6. Pick rigorous schedules and stick with them
“Oh, just let me check my twitter feed again before I start writing on my new blog post!”
It’s easy to get lost and miss deadlines when engaging in social media.
Here’s how you manage your time wisely:
- For business usage stick to defined schedules, while you can be a bit more lenient with your private profiles.
- Don’t update commercial profiles on the weekend. This is especially important for freelancers and small businesses. If you update your business profiles on the weekend people often think that you’re operating a business out of your bedroom. This can actually harm your reputation.
- Keep the weekend free. Take at least one day off from any social media activity to free your head.
- Align your schedule with your social marketing plan and your goals.
- Use a time management or productivity system like “Getting Things Done” or the “pomodoro” technique.

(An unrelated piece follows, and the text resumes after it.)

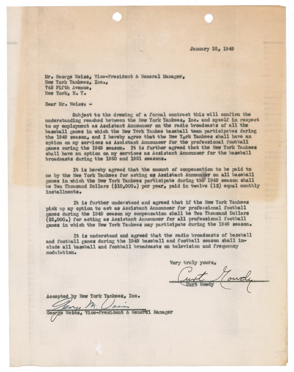 DS, one page, 8.5 x 11, January 28, 1949. Agreement between Gowdy and the New York Yankees for Gowdy to to be an announcer for the Yankees games during the 1949 season, with options for the 1950 and 51 season, with Gowdy receiving a salary of $10,000 per year. In very good condition, with punch holes to top edge, and a block of toning over upper portion of page. Pre-certified Steve Grad/PSA/DNA and RRAuction COA.

- Realize that no matter how hard or how long you work, there will always be more status updates or more messages to answer. Don’t worry about it. Pick a time in the evening to quit. When it’s time to quit, quit.
7. Discard what isn’t needed
To keep your stress level down you quickly need to identify new content and messages of value to you or your brand. You can’t answer to every message, to every tweet or to every post on your Facebook page. Identify the most relevant messages quickly by aggregating your content streams, by filtering for keywords and by sticking to your goals and social media plan. Don’t be afraid to rigorously discard what isn’t need. It’s the only way to handle an enormous load of messages and input.
Here are some tips on discarding unnecessary information efficiently:
- Ignore, block and delete posts by people who troll, are rude, mean. It’s just not worth your trouble and everybody loses. Some people are just out there to fight.
- Ignore social media content which is not relevant to your interests or those of your brand or organization.
- Ignore content which, considering your capacity constraints, is too time consuming to engage in.
- Ignore content which is not in line with your social media plan and goals.
- Discard most automated messages as most of the time they have little value over personal communication.
- Turn off on-screen notifications, such as new mail notifications, and stick to filtering, batch reading and answering.
- Use smart folders, filters and search queries to quickly indentify relevant and actionable content.
8. Make it a habit
Above all, make your engagement in social media a habit. Once it becomes a habit, you learn to quickly distinguish between relevant and not-so-relevant content and you become much more productive.
What do you think? How do you stay connected without being overwhelmed?